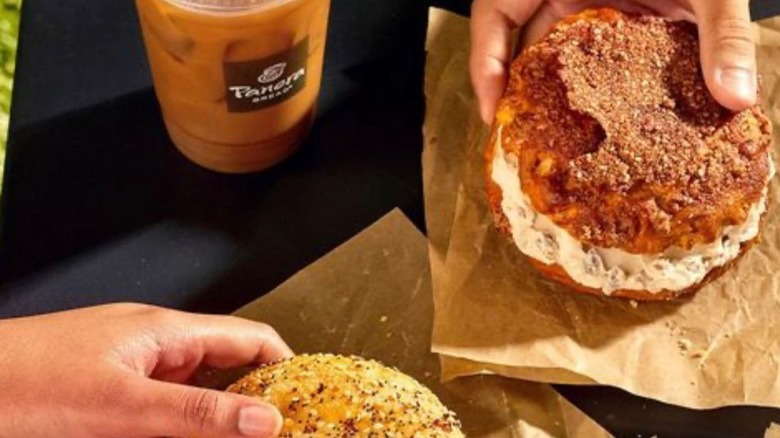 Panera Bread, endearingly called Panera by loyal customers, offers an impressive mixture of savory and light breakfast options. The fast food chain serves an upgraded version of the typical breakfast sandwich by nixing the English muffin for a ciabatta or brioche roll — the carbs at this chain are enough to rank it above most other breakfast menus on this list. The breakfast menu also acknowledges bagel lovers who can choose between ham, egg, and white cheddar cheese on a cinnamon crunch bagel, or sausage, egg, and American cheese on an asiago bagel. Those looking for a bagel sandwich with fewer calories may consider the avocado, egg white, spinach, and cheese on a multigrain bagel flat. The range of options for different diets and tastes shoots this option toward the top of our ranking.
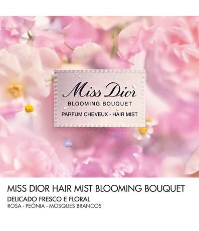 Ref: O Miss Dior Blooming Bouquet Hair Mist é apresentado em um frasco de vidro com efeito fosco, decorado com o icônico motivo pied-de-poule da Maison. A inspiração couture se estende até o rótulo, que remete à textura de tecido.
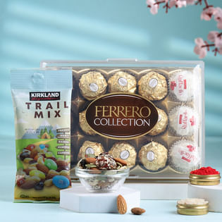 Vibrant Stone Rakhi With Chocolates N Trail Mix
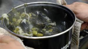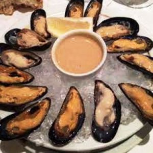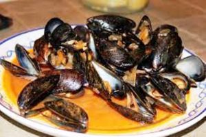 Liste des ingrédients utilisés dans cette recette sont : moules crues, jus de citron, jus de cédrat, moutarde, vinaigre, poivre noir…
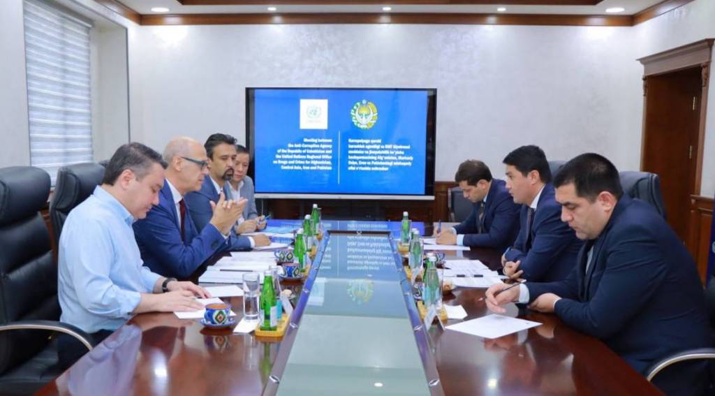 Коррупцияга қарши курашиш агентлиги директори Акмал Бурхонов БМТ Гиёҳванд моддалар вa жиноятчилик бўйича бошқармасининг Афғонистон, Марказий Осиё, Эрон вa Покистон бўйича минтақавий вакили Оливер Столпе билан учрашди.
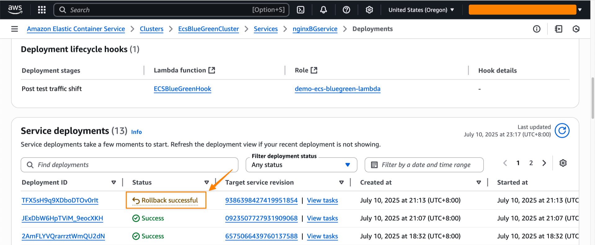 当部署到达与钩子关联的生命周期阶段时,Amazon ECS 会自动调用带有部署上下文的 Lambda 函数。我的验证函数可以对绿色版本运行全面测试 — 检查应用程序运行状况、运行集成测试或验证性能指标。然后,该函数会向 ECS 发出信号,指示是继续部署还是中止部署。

------

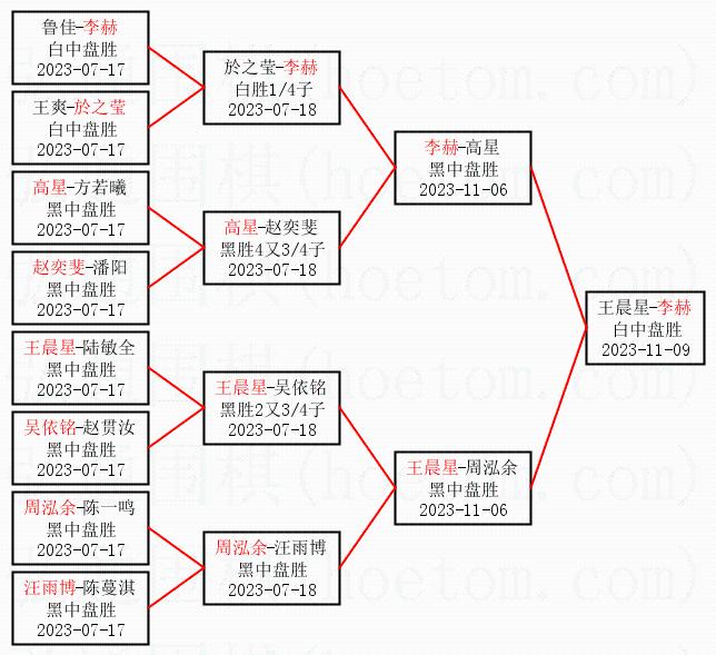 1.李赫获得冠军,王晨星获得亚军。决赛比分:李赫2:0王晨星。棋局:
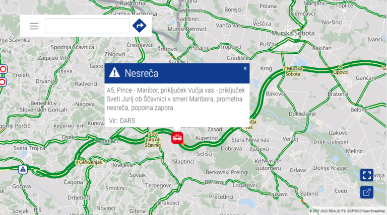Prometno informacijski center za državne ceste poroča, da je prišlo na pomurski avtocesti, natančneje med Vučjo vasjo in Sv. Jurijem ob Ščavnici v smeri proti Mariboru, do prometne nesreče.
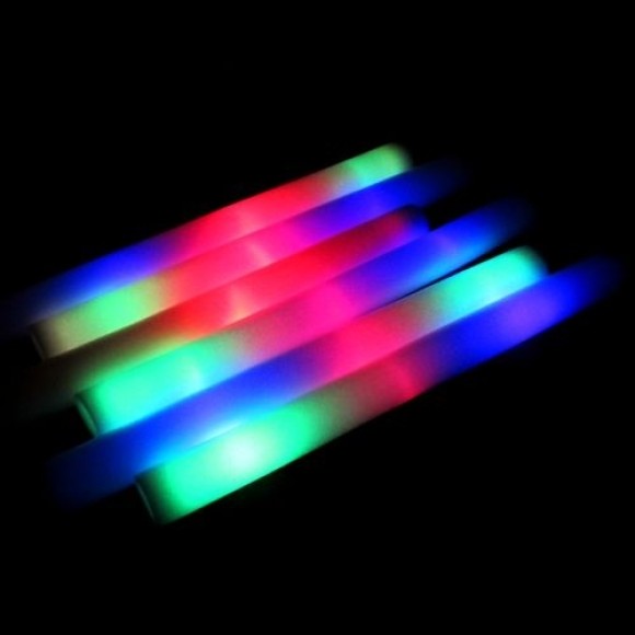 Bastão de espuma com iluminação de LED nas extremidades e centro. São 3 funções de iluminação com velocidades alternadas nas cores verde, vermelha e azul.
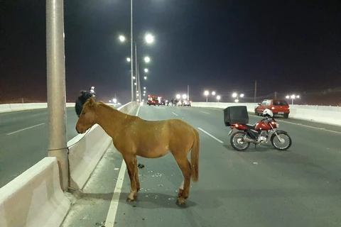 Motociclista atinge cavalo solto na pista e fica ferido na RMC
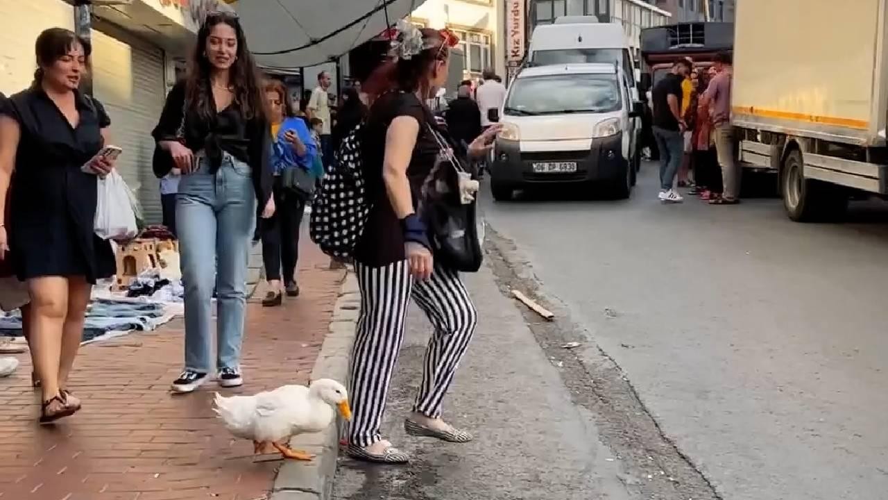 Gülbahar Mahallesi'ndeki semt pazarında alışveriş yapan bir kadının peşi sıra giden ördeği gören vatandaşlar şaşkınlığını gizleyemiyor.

------

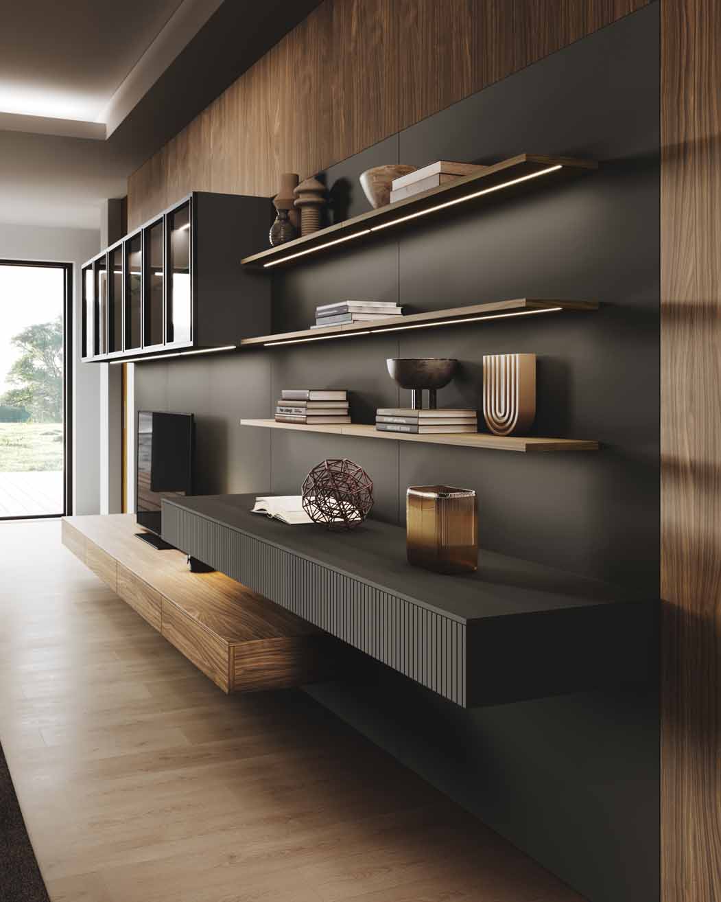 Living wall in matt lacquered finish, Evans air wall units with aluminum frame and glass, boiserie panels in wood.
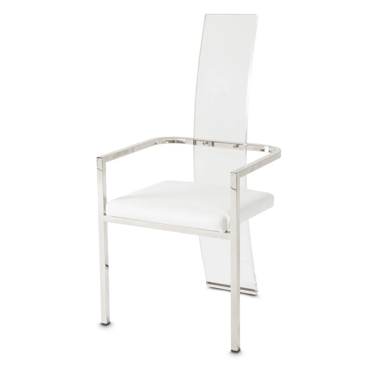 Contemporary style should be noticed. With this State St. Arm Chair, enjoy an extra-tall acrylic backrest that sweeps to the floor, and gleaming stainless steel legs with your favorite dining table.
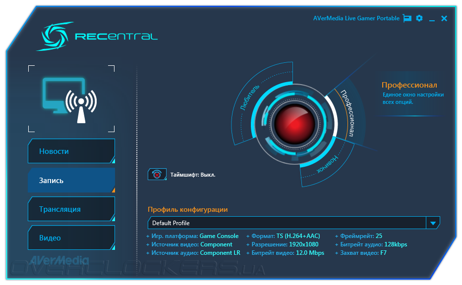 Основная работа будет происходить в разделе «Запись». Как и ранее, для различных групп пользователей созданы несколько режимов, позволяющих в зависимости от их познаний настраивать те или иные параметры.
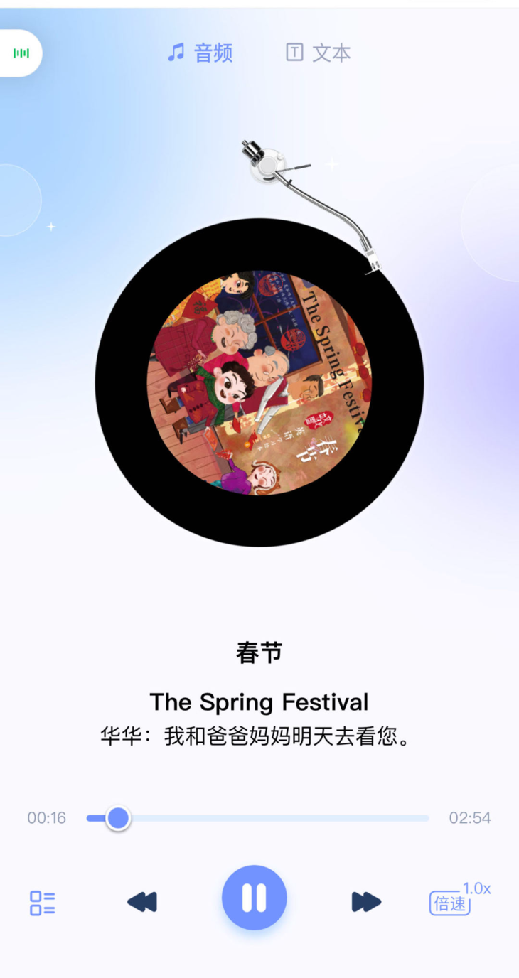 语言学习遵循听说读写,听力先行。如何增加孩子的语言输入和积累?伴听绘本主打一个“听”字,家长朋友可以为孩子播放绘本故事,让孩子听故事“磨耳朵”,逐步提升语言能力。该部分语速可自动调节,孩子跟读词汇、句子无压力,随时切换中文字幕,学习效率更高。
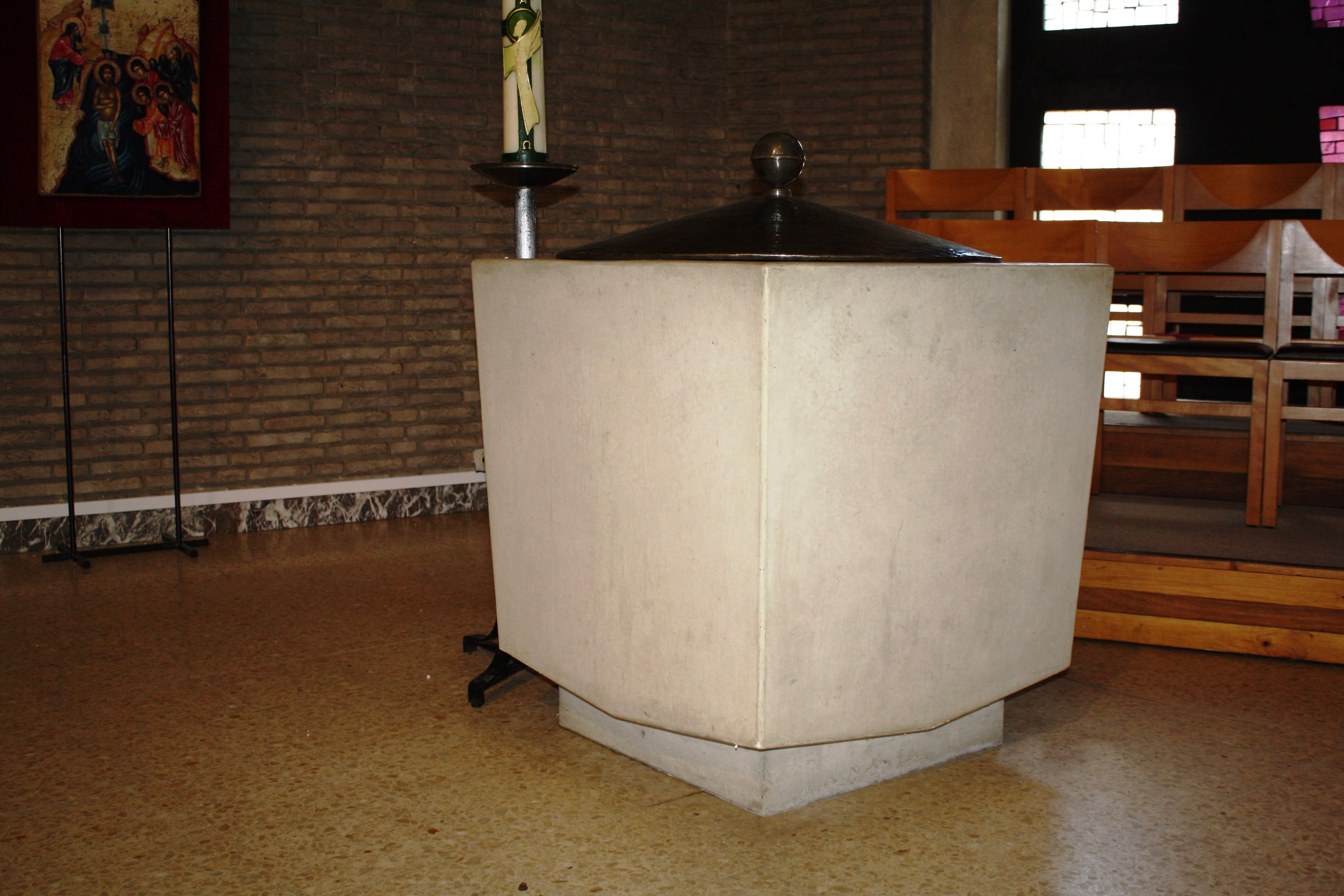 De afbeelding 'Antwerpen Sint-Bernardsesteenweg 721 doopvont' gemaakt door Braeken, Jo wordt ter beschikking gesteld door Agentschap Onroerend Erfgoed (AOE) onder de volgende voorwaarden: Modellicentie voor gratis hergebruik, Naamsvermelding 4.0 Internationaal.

------

### What needs to be done
Leaving each picture behind, please give again exactly the lines above from the one with "Motociclista atinge cavalo" through the one with "Gülbahar Mahallesi'ndeki semt", both included, and no others.

### Answer for this exercise
 Motociclista atinge cavalo solto na pista e fica ferido na RMC
 Gülbahar Mahallesi'ndeki semt pazarında alışveriş yapan bir kadının peşi sıra giden ördeği gören vatandaşlar şaşkınlığını gizleyemiyor.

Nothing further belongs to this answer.